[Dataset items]
########################################

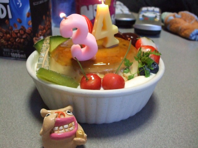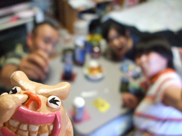 さて、夜にはJりんちで、もうひとつ誕生会がありました。昔『おかめ』に似てると言われたことのある地元の友達、M路の誕生会です。まあ、ほんとの誕生日は明日なんだけどね。林家正蔵さん、元『林家こぶ平』に似ている旦那、Dぽんとやってきました。Dぽん、遅くなったけど、襲名おめでとう☆
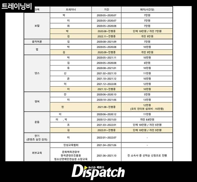 실제로, 피프티 피프티는 보컬, 음악이론, 랩, 댄스, 영어, 운동, 연기까지 과목별로 레슨을 받았다. 트레이닝 비용으로 매월 2,000~3,000만 원 정도 내보냈다.
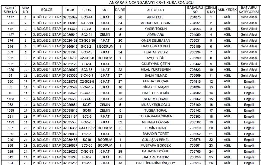 TOKİ Ankara Sincan kura sonuçları için tıklayınız
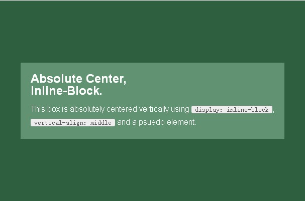 迫切需要的方法:inline-block法居中?;痉椒ㄊ鞘褂?nbsp;display: inline-block, vertical-align: middle樣式和偽元素讓內(nèi)容塊在容器中居中。我的實(shí)現(xiàn)用到了幾個(gè)在其他地方見不到的新技巧解決了一些問題。
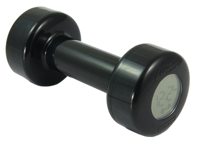 The clock weighs about 0.7kg and features an LCD display of the time (with 12-hour mode and AM/PM display for morning and afternoon) and, of course, an alarm function. The LCD display has a backlight that turns on when the dumbbell is lifted. The alarm can only be turned off by lifting the dumbbell 30 times, with the remaining number of lifts needed shown on the display. Alternatively, the clock can be switched to a normal mode, where lifting it once is enough to turn off the alarm.

########################################

What to produce:
An exact restatement of the entries above is needed; no picture may appear in it.

Answer for the task:
 さて、夜にはJりんちで、もうひとつ誕生会がありました。昔『おかめ』に似てると言われたことのある地元の友達、M路の誕生会です。まあ、ほんとの誕生日は明日なんだけどね。林家正蔵さん、元『林家こぶ平』に似ている旦那、Dぽんとやってきました。Dぽん、遅くなったけど、襲名おめでとう☆
 실제로, 피프티 피프티는 보컬, 음악이론, 랩, 댄스, 영어, 운동, 연기까지 과목별로 레슨을 받았다. 트레이닝 비용으로 매월 2,000~3,000만 원 정도 내보냈다.
 TOKİ Ankara Sincan kura sonuçları için tıklayınız
 迫切需要的方法:inline-block法居中?;痉椒ㄊ鞘褂?nbsp;display: inline-block, vertical-align: middle樣式和偽元素讓內(nèi)容塊在容器中居中。我的實(shí)現(xiàn)用到了幾個(gè)在其他地方見不到的新技巧解決了一些問題。
 The clock weighs about 0.7kg and features an LCD display of the time (with 12-hour mode and AM/PM display for morning and afternoon) and, of course, an alarm function. The LCD display has a backlight that turns on when the dumbbell is lifted. The alarm can only be turned off by lifting the dumbbell 30 times, with the remaining number of lifts needed shown on the display. Alternatively, the clock can be switched to a normal mode, where lifting it once is enough to turn off the alarm.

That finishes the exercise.